CHICAGO — The American Medical Association (AMA) today called on the Centers for Medicare and Medicaid Services (CMS) to address the challenges physicians are facing with the Meaningful Use program before moving on to the next stage. In a comment letter from AMA Chief Executive Officer and EVP James L. Madara, MD, the AMA recommended the program focus on patient safety, privacy and security, interoperability and how we can promote rather than hinder innovation.

“As we’ve said many times, the Meaningful Use program is not meaningful in its current form and is not helping physicians use electronic health records in a way that facilitates the best care coordination, increases efficiency or improves the quality of care for patients,” said AMA President-elect Steven J. Stack, MD. “We cannot ignore the current problems and barriers that exist with the program. The recommendations we provided address the significant challenges facing physicians, patients and vendors, and, if adopted, will lead to higher quality, cost effective care and increased innovation.”

Despite the fact that more than 80 percent of physicians are now using electronic health records (EHRs), less than 10 percent of eligible professionals were able to attest for Stage 2 Meaningful Use in 2014. The AMA recently supported many of CMS’ proposed modifications for 2015-2017 that could address some of measures that are the most challenging for physicians. However, it will take time for those modifications to take effect, which is one of the reasons why the AMA is calling on CMS to assess the impact of the proposed changes before moving forward with Stage 3.

The draft Stage 3 regulations were also drafted before CMS had the opportunity to assess the structure, requirements and impact of the new Merit-Based Incentive Payment Systems (MIPS).
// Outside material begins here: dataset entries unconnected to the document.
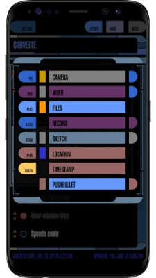 This app's interface is meant to parody the way sci-fi designers on a cheap budget imagined future computers 30 years ago. Made with cones, curves, and various blocks in the basic 256 colors computers were capable of at the time. Topped with tiny text that was meaningless and buttons with completely indecipherable function or layout.
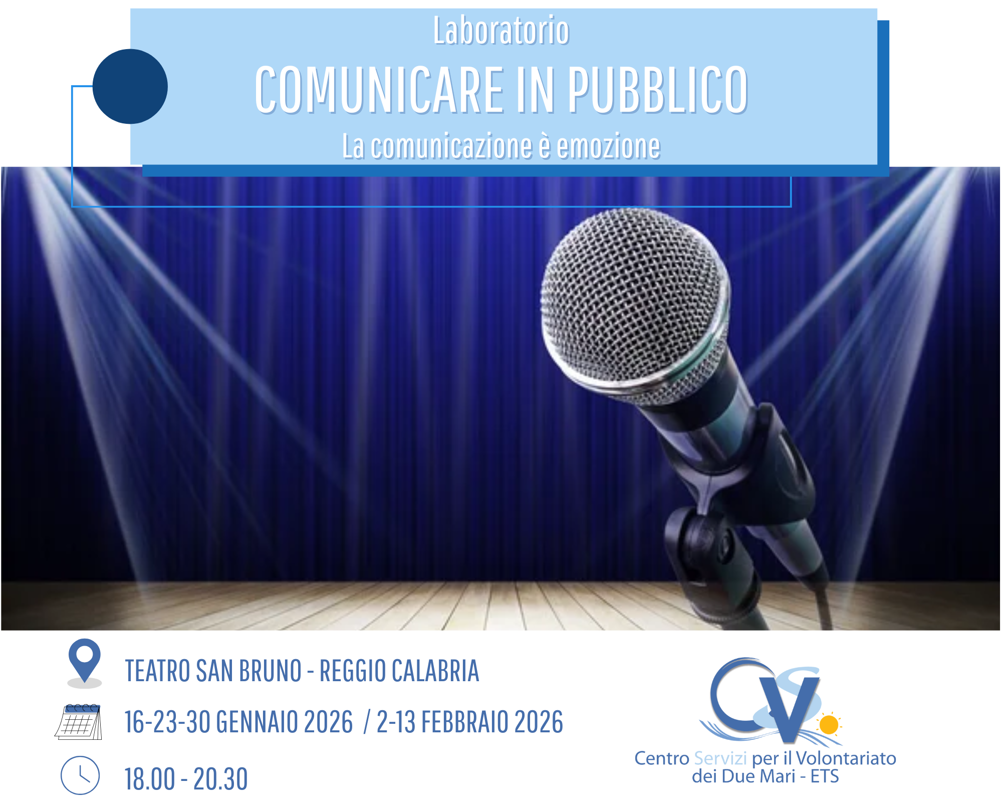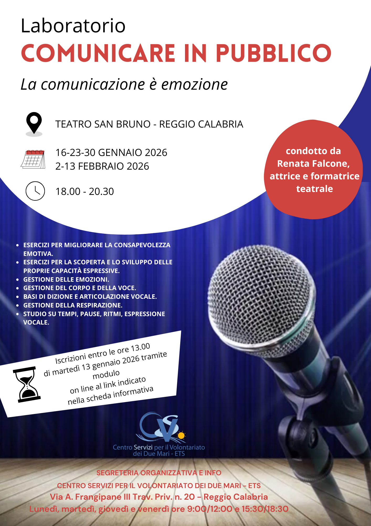 Si svolgerà in presenza nei giorni 16-23-30 gennaio 2026 e 2-13 febbraio 2026, dalle ore 18.00 alle 20.30 presso il Teatro San Bruno di Reggio Calabria.
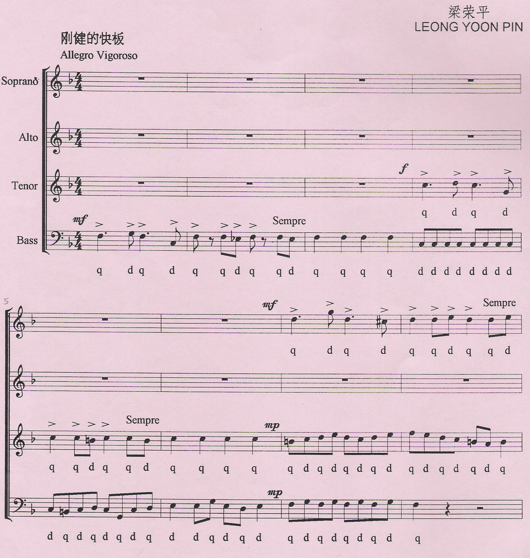 Leong’s choice of text shows a predilection for poetry ranging from the Chinese classical greats such as Li Bai (李白) and Du Fu (杜甫) to modern English nationalistic poetry by local poets such as Angeline Yap. His choice of texts is born of a natural affinity for the two languages and filtered by the political climate of the late 1950s – choral songs from China were banned and Leong’s compositions answered the need for choral repertoire that was free from political overtones.
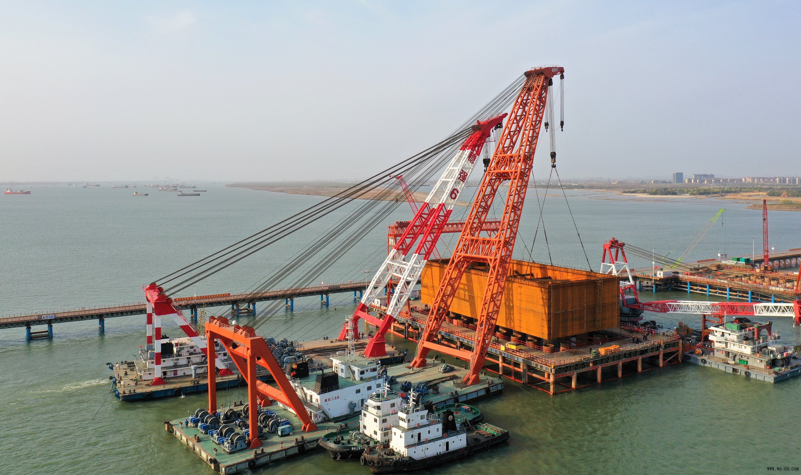 2月24日下午,随着现场指挥的一声令下,两艘浮吊船缓缓吊起重达936吨的4号墩钢围堰顶节,徐徐靠近施工平台,由中交二航局承建的常泰长江大桥4号墩钢围堰顺利吊成功装,标志着大桥4号墩转入承台和塔柱施工阶段。
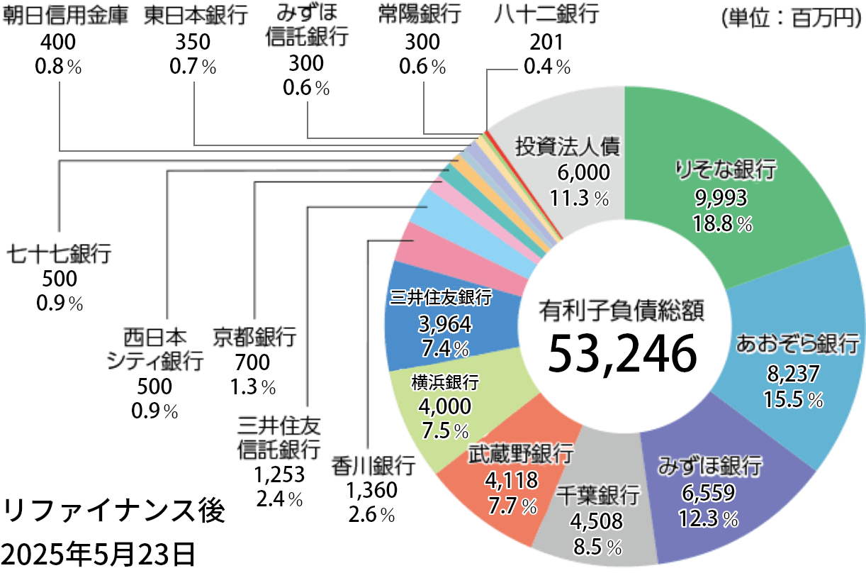 決算後の2025年5月23日に返済期限を迎えたタームローン2N(借入金残高3,049百万円)の返済に充当するため、新たなタームローンの借入を行いました。
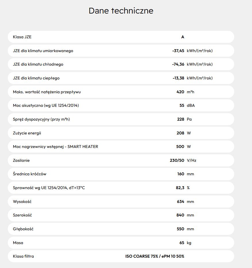 Kompaktowa konstrukcja z pionowym układem króćców ułatwia montaż w pomieszczeniach technicznych. Zastosowanie wentylatorów z silnikami EC pozwala na oszczędną i cichą pracę, a przeciwprądowy wymiennik ciepła zapewnia wysoki poziom odzysku energii cieplnej. Urządzenie wyposażono również w automatyczny bypass oraz zintegrowaną nagrzewnicę wstępną Smart Heater, co pozwala na stabilną pracę w niskich temperaturach.
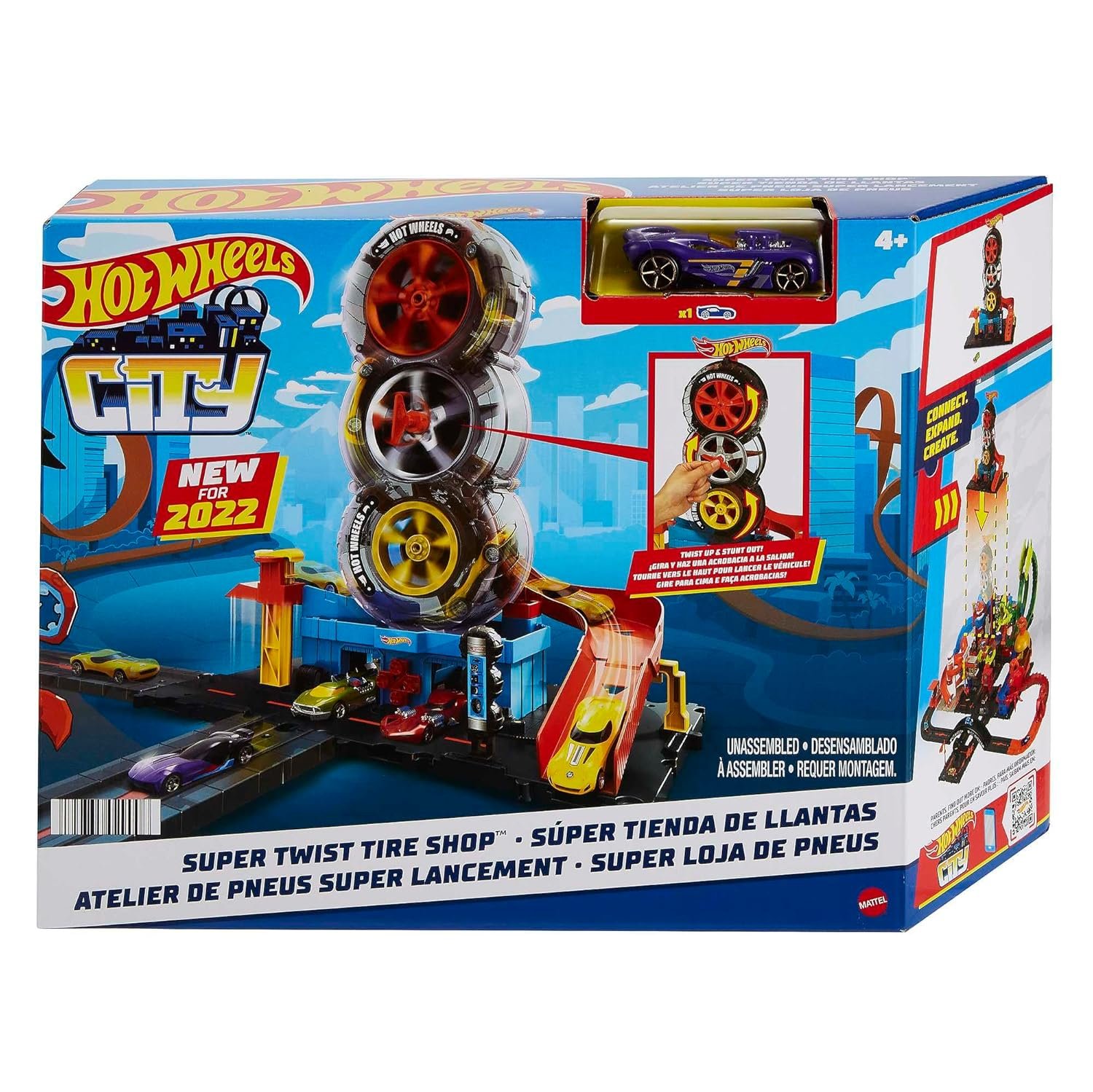 Kids tackle multiple twists and turns in the ™ City Super Twist Tire Shop™ as they spin the center key and move their cars through the translucent wheels of the shop. Once they reach the top, they stunt down the ramp, off to new adventures. The base of the playset connects to other ® sets and can be used with additional ® track pieces so that kids can build out a stunting and racing world of their own design (additional sets and track sold separately). One ® car is included, but up to four can twist through the tire structure at once (additional cars sold separately). Realistic details like a kid-activated lift, spinning tire display and gas pump enhance the storytelling possibilities. Colors and decorations may vary.

The MIPS program, which was created by the recent landmark legislation to reform Medicare, requires significant changes to the physician quality reporting programs, including Meaningful Use. These enhancements will transform Meaningful Use from a stand-alone program to one component of a larger reporting system, which will require alignment, resources and more regulations. Therefore the success of MIPS hinges on the success of Meaningful Use, which means more physicians must continue to participate and have access to the appropriate tools needed to move to an outcomes-based system.
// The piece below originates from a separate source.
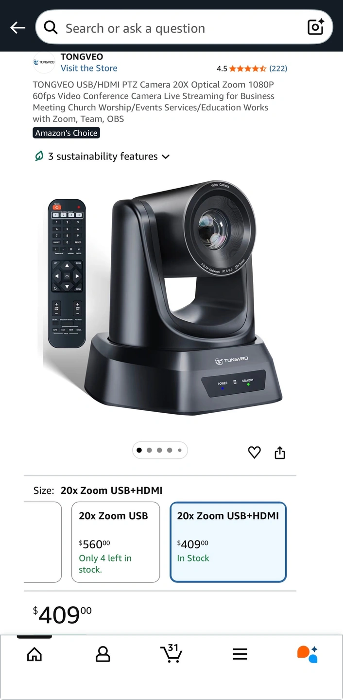 USB/HDMI PTZ Camera 20X Optical Zoom 1080P 60fps Video Conference Camera Live Streaming for Business Meeting Church Worship/Events Services/Education Works with Zoom, Team, OBS
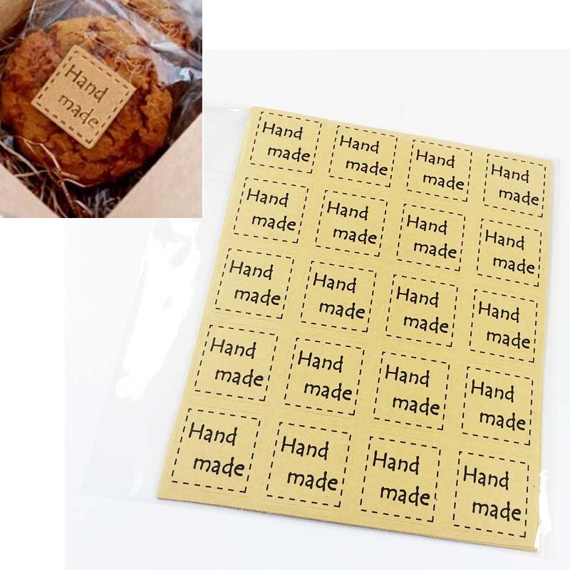 1シート、20個の英語でハンドメイド(Hand made)と書かれたブラウンカラーのシール販売。自分で手作りした洋服や手編みのセーター、マフラー、ケーキ、パン、アクセサリー、ピアス、イヤリングなどをプレゼントするときに袋や箱に貼るだけで手作り感をアップできるシール。もちろん、自分で作ったものじゃなく、買ってきた既製品にでも、このシールを貼ると。あ〜ら不思議、手作りに見えちゃう魔法のステッカー(笑)。いい子はそんなことしちゃダメですよ。 プレゼントギフトするときには最適のステッカーです。 スペック1シートの大きさ:約13.5mmx10mm1マスのシールの大きさ:23mmx23mm素材紙備考・表示は1シートの価格です。・ハンドメイドの為多少サイズは異なります。

Additionally, as evidenced in a recent Office of the National Coordinator for Health IT (ONC) report on data blocking, many health IT systems obstruct interoperability through excessive vendor fees or technical limitations that hinder physicians’ ability to meet Stage 2 of the Meaningful Use program. It also keeps the program from meeting its intended goal of facilitating coordination and helping improve the quality of care. Without focusing on the cornerstone issues integral to interoperability and quality improvement, the Meaningful Use program will never be truly meaningful.

The AMA is working to address interoperability challenges as a founding member of the Healtheway and Carequality, which aim to resolve interoperability issues such as patient matching and information exchange rules.
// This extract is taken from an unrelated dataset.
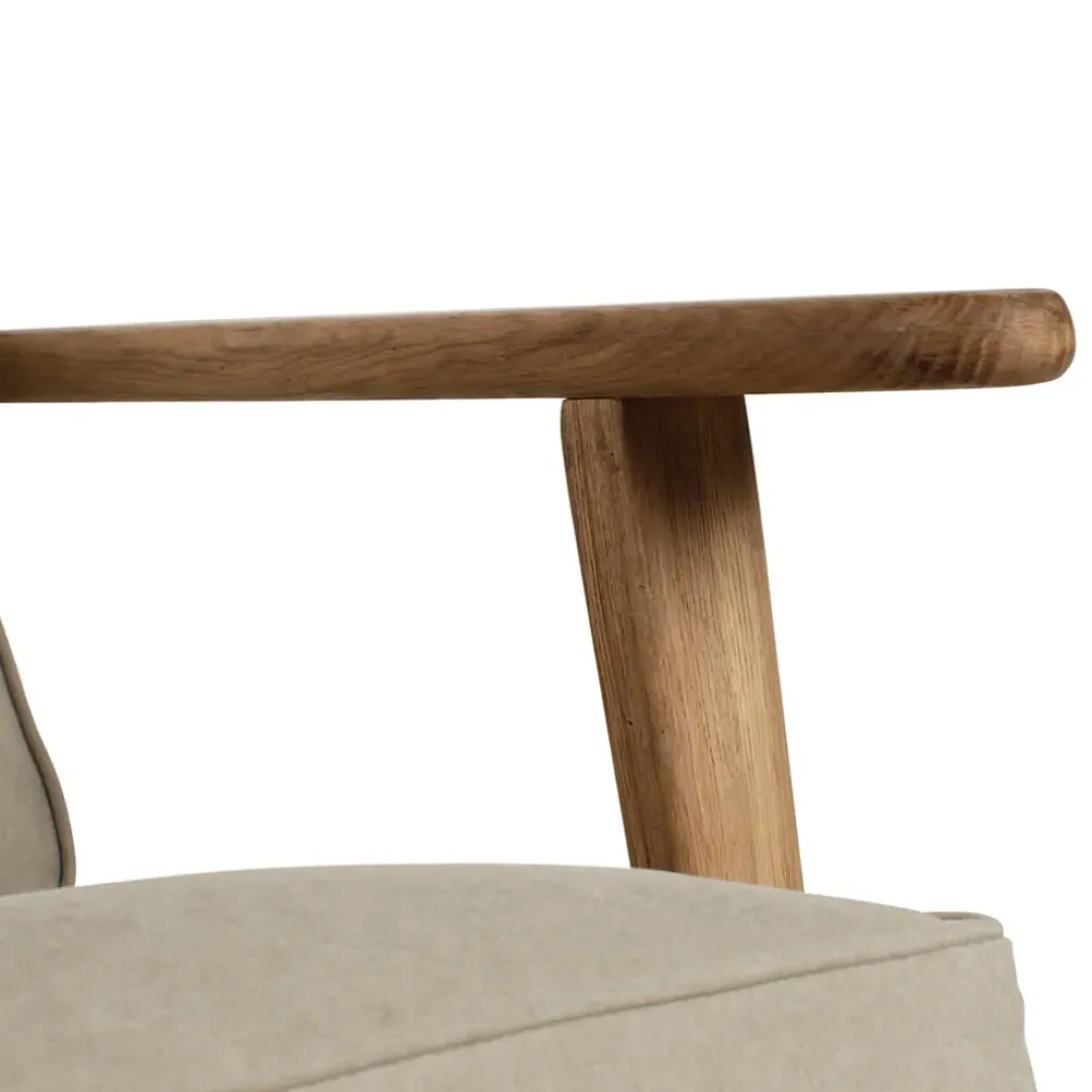 Succombez au fauteuil Laureli, véritable fauteuil design en bois et en tissus. Vous allez craquer pour ses lignes et la noblesse des matériaux utilisés : le chêne pour les accoudoirs et les pieds et le coto gris taupé pour les coussins.
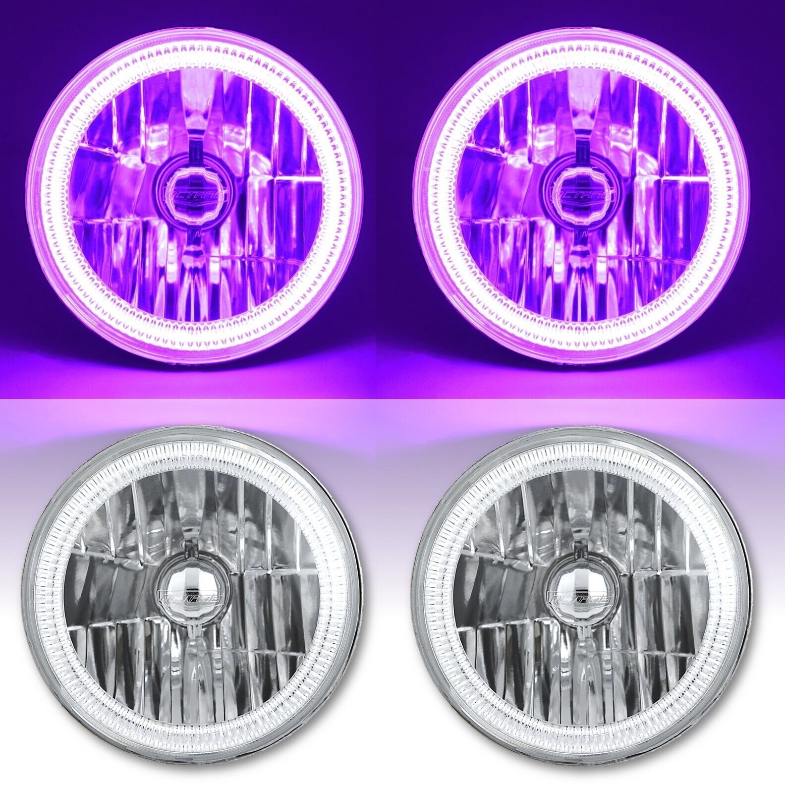 7" COB LED Purple Halo Angel Eye Headlamp Headlight H4 HID 6000K Light Bulb Pair

Should the administration decides to proceed with moving to Stage 3 in 2018, the AMA has proposed a number of recommendations for improvements including:

  • Making 2017 a transitional year to alleviate many of the concerns both vendors and providers have regarding program updates, system changes and reengineering workflows
  • Implementing a reporting period that is less than a full year, to accommodate many unforeseen system disruptions that can occur outside the physician’s control
  • Consulting physicians and vendors before removing or adding measures
  • Heavily modifying the proposed objectives to align with the needs of medical specialists
  • Allowing quality measures reported to clinical registries to count for Meaningful Use quality reporting requirements

The AMA also sent a comment letter to CMS and ONC today regarding the proposed 2015 Edition Health Information Technology (Health IT) Certification Criteria. Among other things, the letter highlighted the AMA’s concern for the aggressive short timeframe that health IT vendors will have to produce highly-usable, interoperable, and safe technologies prior to 2018. For more information on that letter, please click here.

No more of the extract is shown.